三菱電機で裁量労働制が適用されていた社員のうち、1人が過労自殺し、2人が脳疾患を発症し、労災認定された件を受けて同社は、再発防止のために、「厳格に労働時間を把握するため」という理由で、裁量労働制を全廃した。裁量労働制の拡大を含む働き方改革関連法案が、2019年4月から順次施行されるにもかかわらず、真逆の動きだ。
しかし、裁量労働制を全廃すれば長時間労働は是正され、過労死はなくなるのだろうか。私にはそうは思えない。
裁量労働制の適用者は、実際の労働時間ではなく、労使であらかじめ決めた「みなし労働時間」により給与が計算される。時間労働制の社員に支払われる22時以前、5時以降の「普通残業手当」は支払われない。例えば、みなし労働時間が10時間だった場合、朝9時から21時まで休憩1時間を除く11時間働いたとしても労働時間は10時間とみなす。逆に、実働が9時間であっても、やはり労働時間を10時間とみなす。
大事な点は、時間労働制の社員はもちろん、裁量労働制の社員に対しても、実際の勤務時間管理と健康維持のための取り組みが、会社と社員に義務付けられていることだ。裁量労働になると勤務時間管理と健康維持のための取り組みができなくなっているとすれば、制度の目的をはき違えているように思えてならない。
実際の勤務時間管理の目的を、単に普通残業手当の計算のためだけというように考えている人事部は少なくない。そうしたケースでは、普通残業手当の支払いが不要な裁量労働制の社員について、勤務時間管理も不要であると考えてしまう。
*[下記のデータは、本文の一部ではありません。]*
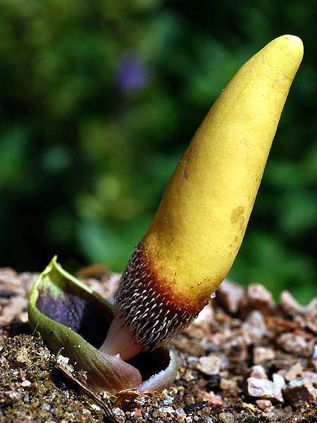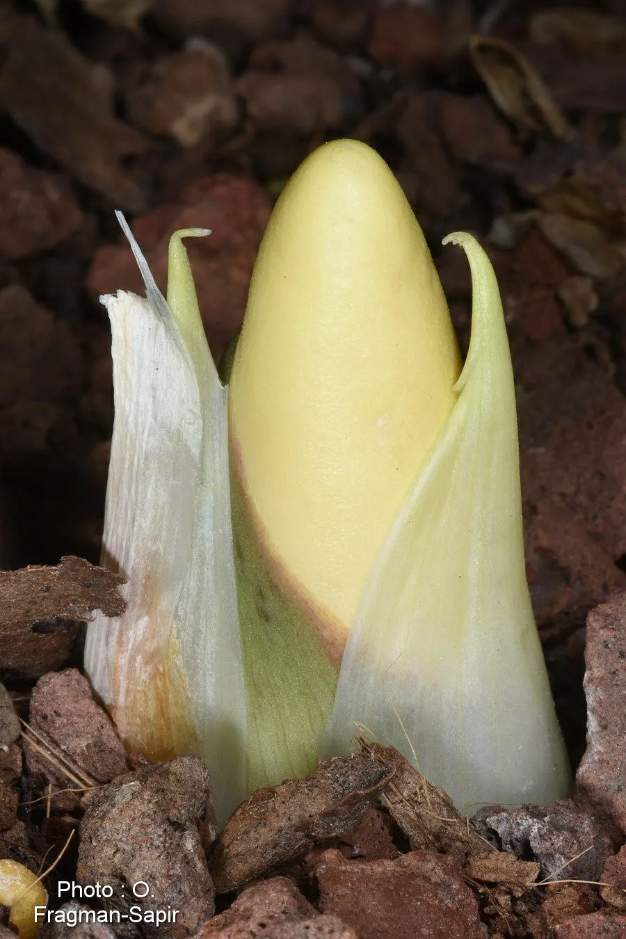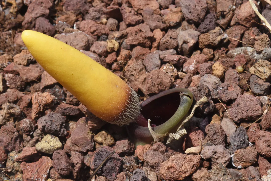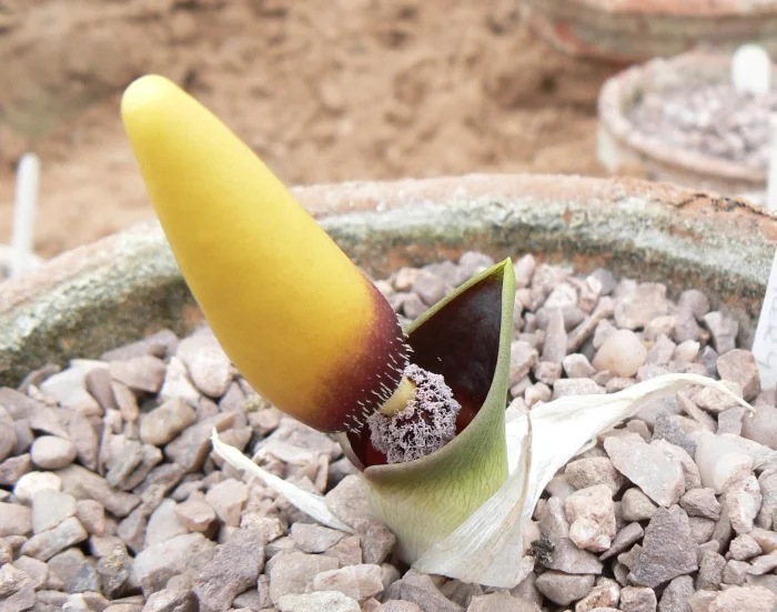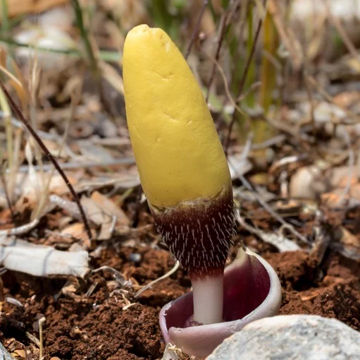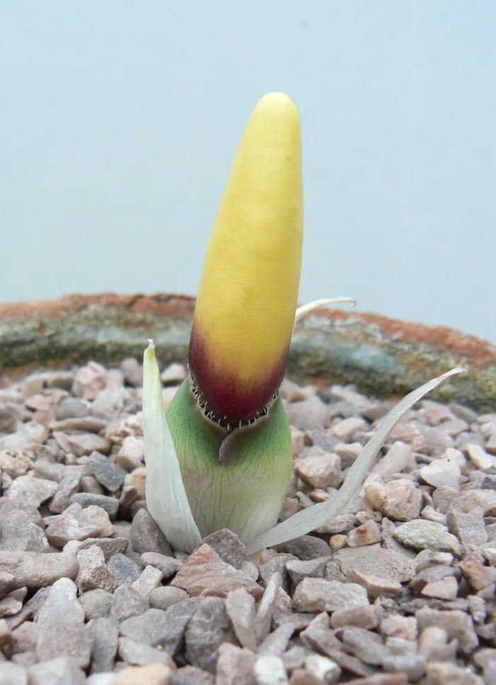 稀有球根Biarum ditschianum 这是一个仅在1989年被描述的物种。天南星科,破土芋属。 紫红色的花苞是如此之短,以至于它们被缩小到只是一个边缘,或者略高于地面水平面,有一个巨大的,非常肥大的金色花苞从中心伸出。花穗的基部清楚而明显地被朝下的白毛覆盖。除了惊人的和有趣的花序,这个菌株的叶子也是非常装饰性的,是一个很好的蓝绿色的阴影,叶片明显地浮雕着花边图案。

裁量労働制の社員に対して普通残業手当は支払い不要だが、22時以降、5時以前の深夜残業手当の支払いは必要だ。深夜残業手当は発生件数が限定的であるという理由などで、都度、申請し計算する方式を取り入れている人事部は多い。都度の申請で深夜残業手当が計算できてしまうので、事務面からは、勤務時間管理の必要性が実感されないのだ。このことは、人事部が依然、管理事務に傾斜したままで、社員の健康維持という問題に正面から取り組めていない証左であると、私は感じている。
そのような人事部は、給与計算のための勤務時間管理はしているかもしれないが、社員の健康維持のための取り組みが十分できていない可能性がある。だとすれば、裁量労働制を全廃して、時間労働制に戻したとしても、長時間労働が是正されて、過労死がなくなるとは思えない。